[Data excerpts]
-- Opening Marker --
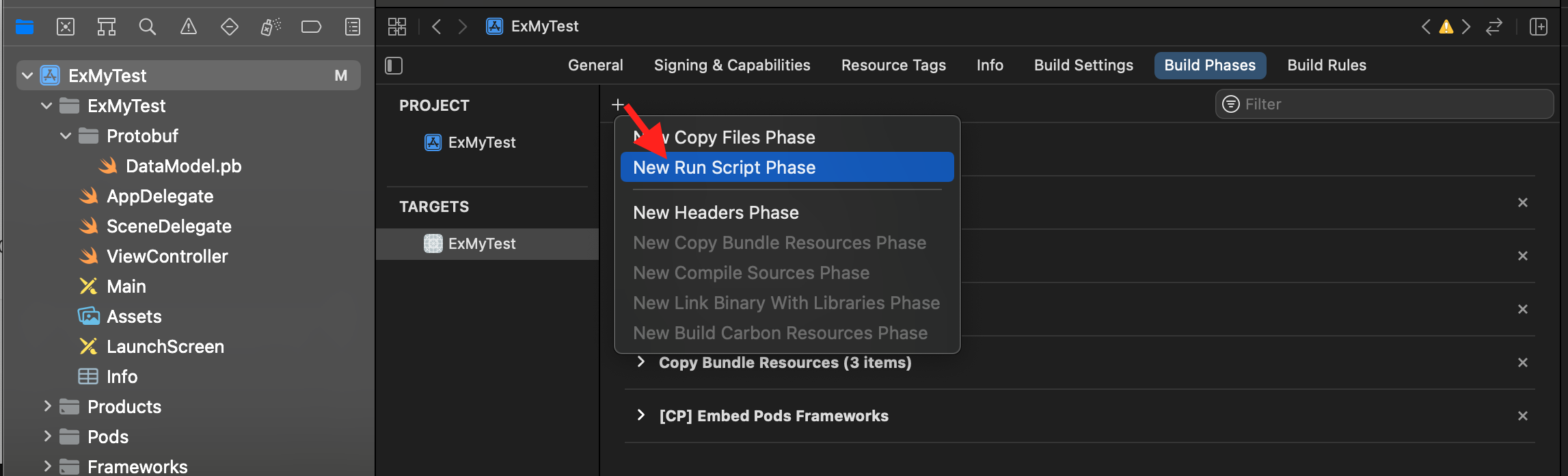 - XCode > Target > Build Phases > +버튼을 클릭하여 New Run Scripts Phase로 빌드 스크립트 생성
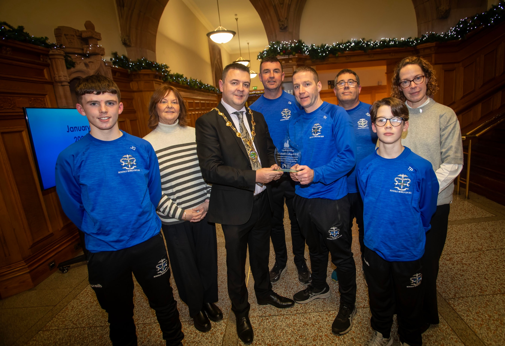 The Mayor, Ruairi McHugh presenting the award to Mr. Ryan Horner, manager, St. Columb's College u-13s at Monday's reception. Included from left are Joe Gray, captain, Ms. Geraldine Cavanavan, board of governors, Eamonn Burns, Xavier Prigent, Tim Prigent, captain and Ms. Ursula Grimley, Vice Principal.
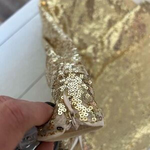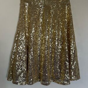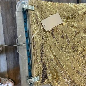 New with tags gorgeous all over gold sequin skirt see additional pictures, side zipper perfect for a special events or a special occasion. See additional pictures. Thanks for looking happy shopping measurements. Also seen in pitcher are in inches.
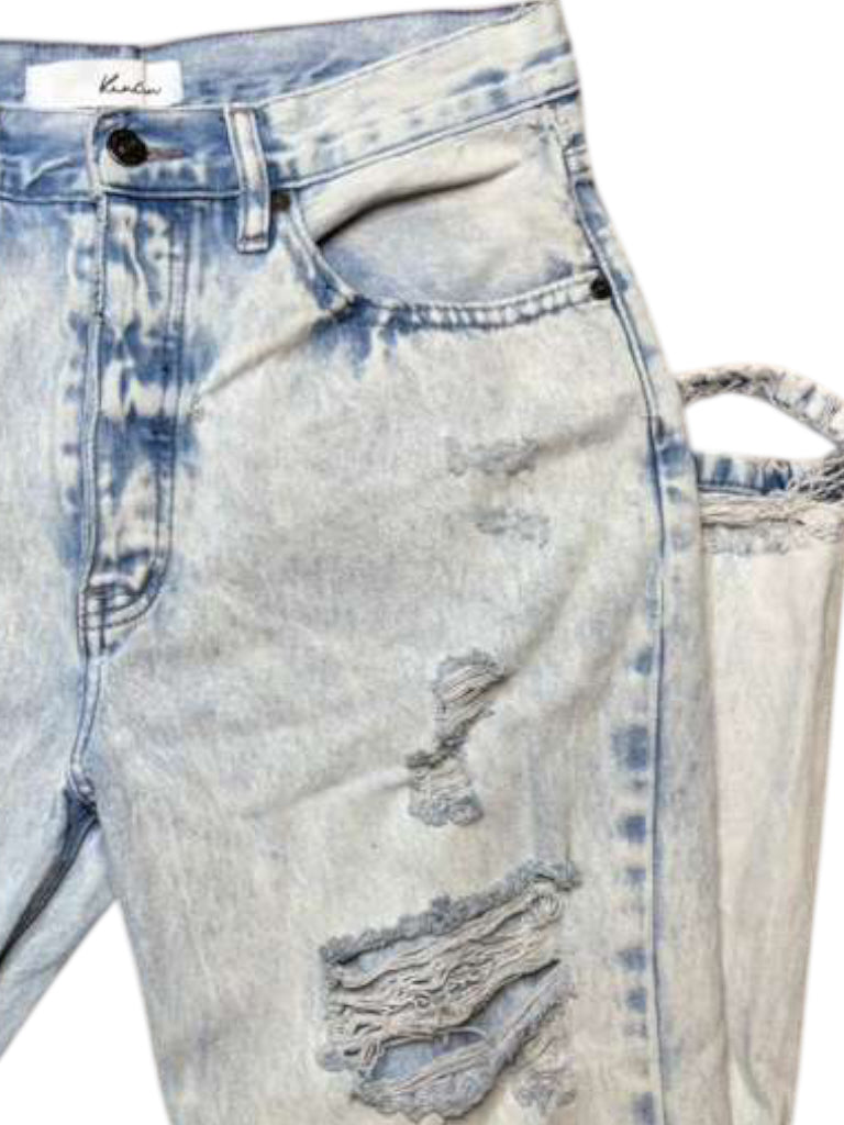 Experience effortless, edgy style with our Kancan ripped jeans in light denim. Featuring a flattering size 3 fit, these jeans add a touch of daring with their distressed details. Elevate your wardrobe with these versatile and chic jeans.
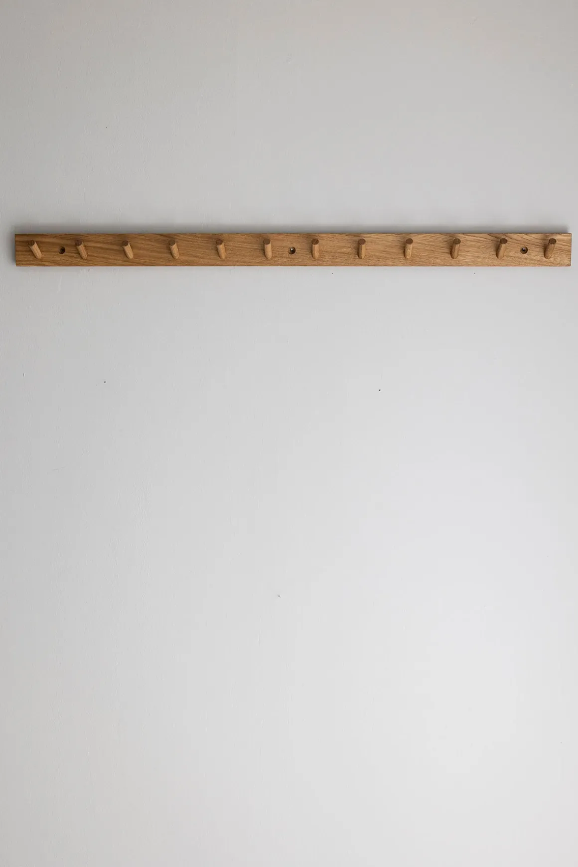 Minimalistisk og praktisk knaggrekke med 12 knagger fra tyske Raumgestalt i 100% eik. Bruk den i gangen, på kjøkkenet eller på soverommet. Passer like godt hjemme som på hytta.
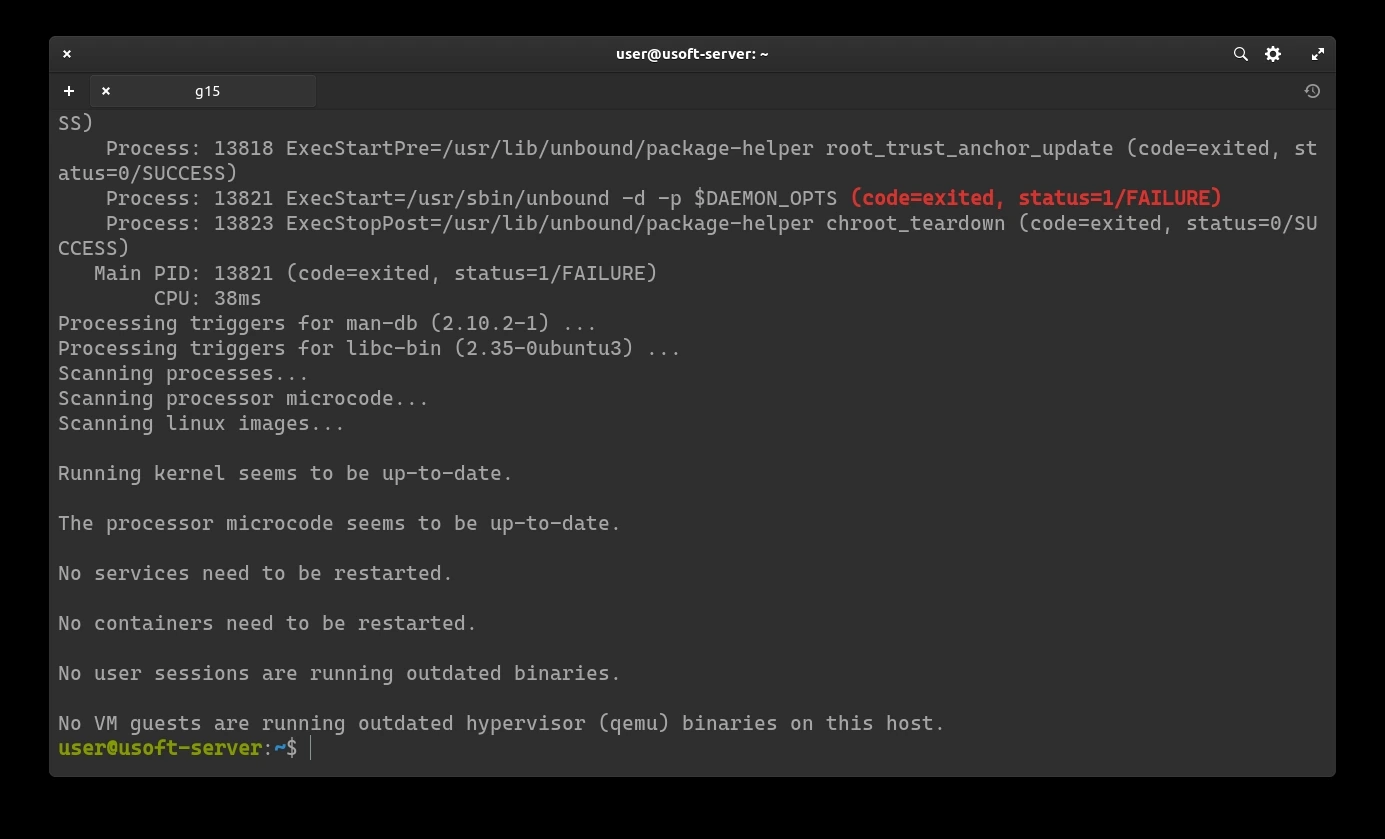 Restart Unbound to load the new configuration: sudo service unbound restart and press Enter. It may request the user password as it is launched with administrator privileges. In case affirmative, enter it and press Enter.
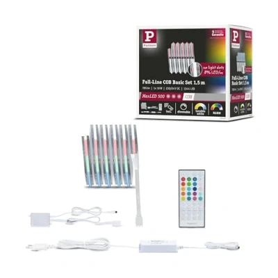 COMPLETE SOLUTION - for impressive lighting: The MaxLED 500 full-line cob basic set contains all the necessary components to realise individual lighting ideas and create stylish accent lighting INCLUDED IN THE SET - Including high-quality light strip and ballast: The set includes a light strip and a matching ballast to start installation immediately and realise versatile lighting designs FLEXIBLE EXPANSION POSSIBILITIES - The basic set can be easily expanded with additional strips, connectors and control units with convenient remote control to meet individual requirements VERSATILE RGBW TECHNOLOGY - With the innovative RGBW technology, you can choose between flowing colour tones. In the sun, different lighting moods can be created according to your own wishes TUNABLE-WHITE FUNCTION - for the perfect atmosphere: the Tunable White function allows you to choose between warm white and cooler light, so that the right lighting can be created for every situation This product is a containing product. Containing products are luminaires that can be disassembled for a separate check of the light source(s) they contain. This product contains a light source of energy efficiency class F.
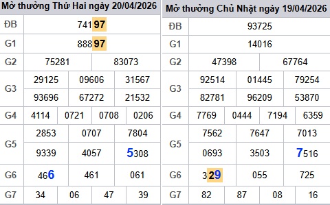 ✅ 2. Tổng hợp kết quả miền Bắc hôm qua ngày 20/04/2026
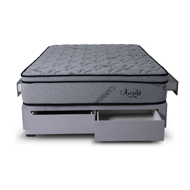 Une diseño refinado, equilibrio entre confort y resistencia, y descanso confiable con Cama Amets. La tarima de madera selecta, tratada y secada al horno aporta elegancia y resistencia al ambiente. El colchón, con sistema de resortes Bonell, garantiza un soporte firme y uniforme, acompañado de espumas de poliuretano que ofrecen confort estable. Su exclusivo tapiz con hilo de carbón contribuye a la frescura y bienestar durante el descanso. De uso one side, pensado para practicidad y larga duración, brinda una sensación de descanso firme. Todo respaldo con una garantía confiable de 10 años y 1 año en la tarima.
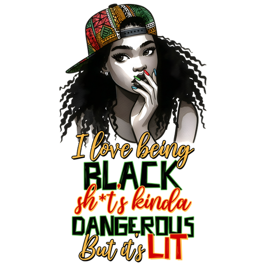 Una ilustración divertida de una niña con cabello rizado, que celebra su identidad con el texto: "Me encanta ser negra, es un poco peligroso, pero es genial".
-- Closing Marker --
■ WHAT YOU WILL DO: Verbatim output of the entries is required, with each image left out.

■ SOLUTION TO THE EXERCISE:
 - XCode > Target > Build Phases > +버튼을 클릭하여 New Run Scripts Phase로 빌드 스크립트 생성
 The Mayor, Ruairi McHugh presenting the award to Mr. Ryan Horner, manager, St. Columb's College u-13s at Monday's reception. Included from left are Joe Gray, captain, Ms. Geraldine Cavanavan, board of governors, Eamonn Burns, Xavier Prigent, Tim Prigent, captain and Ms. Ursula Grimley, Vice Principal.
 New with tags gorgeous all over gold sequin skirt see additional pictures, side zipper perfect for a special events or a special occasion. See additional pictures. Thanks for looking happy shopping measurements. Also seen in pitcher are in inches.
 Experience effortless, edgy style with our Kancan ripped jeans in light denim. Featuring a flattering size 3 fit, these jeans add a touch of daring with their distressed details. Elevate your wardrobe with these versatile and chic jeans.
 Minimalistisk og praktisk knaggrekke med 12 knagger fra tyske Raumgestalt i 100% eik. Bruk den i gangen, på kjøkkenet eller på soverommet. Passer like godt hjemme som på hytta.
 Restart Unbound to load the new configuration: sudo service unbound restart and press Enter. It may request the user password as it is launched with administrator privileges. In case affirmative, enter it and press Enter.
 COMPLETE SOLUTION - for impressive lighting: The MaxLED 500 full-line cob basic set contains all the necessary components to realise individual lighting ideas and create stylish accent lighting INCLUDED IN THE SET - Including high-quality light strip and ballast: The set includes a light strip and a matching ballast to start installation immediately and realise versatile lighting designs FLEXIBLE EXPANSION POSSIBILITIES - The basic set can be easily expanded with additional strips, connectors and control units with convenient remote control to meet individual requirements VERSATILE RGBW TECHNOLOGY - With the innovative RGBW technology, you can choose between flowing colour tones. In the sun, different lighting moods can be created according to your own wishes TUNABLE-WHITE FUNCTION - for the perfect atmosphere: the Tunable White function allows you to choose between warm white and cooler light, so that the right lighting can be created for every situation This product is a containing product. Containing products are luminaires that can be disassembled for a separate check of the light source(s) they contain. This product contains a light source of energy efficiency class F.
 ✅ 2. Tổng hợp kết quả miền Bắc hôm qua ngày 20/04/2026
 Une diseño refinado, equilibrio entre confort y resistencia, y descanso confiable con Cama Amets. La tarima de madera selecta, tratada y secada al horno aporta elegancia y resistencia al ambiente. El colchón, con sistema de resortes Bonell, garantiza un soporte firme y uniforme, acompañado de espumas de poliuretano que ofrecen confort estable. Su exclusivo tapiz con hilo de carbón contribuye a la frescura y bienestar durante el descanso. De uso one side, pensado para practicidad y larga duración, brinda una sensación de descanso firme. Todo respaldo con una garantía confiable de 10 años y 1 año en la tarima.
 Una ilustración divertida de una niña con cabello rizado, que celebra su identidad con el texto: "Me encanta ser negra, es un poco peligroso, pero es genial".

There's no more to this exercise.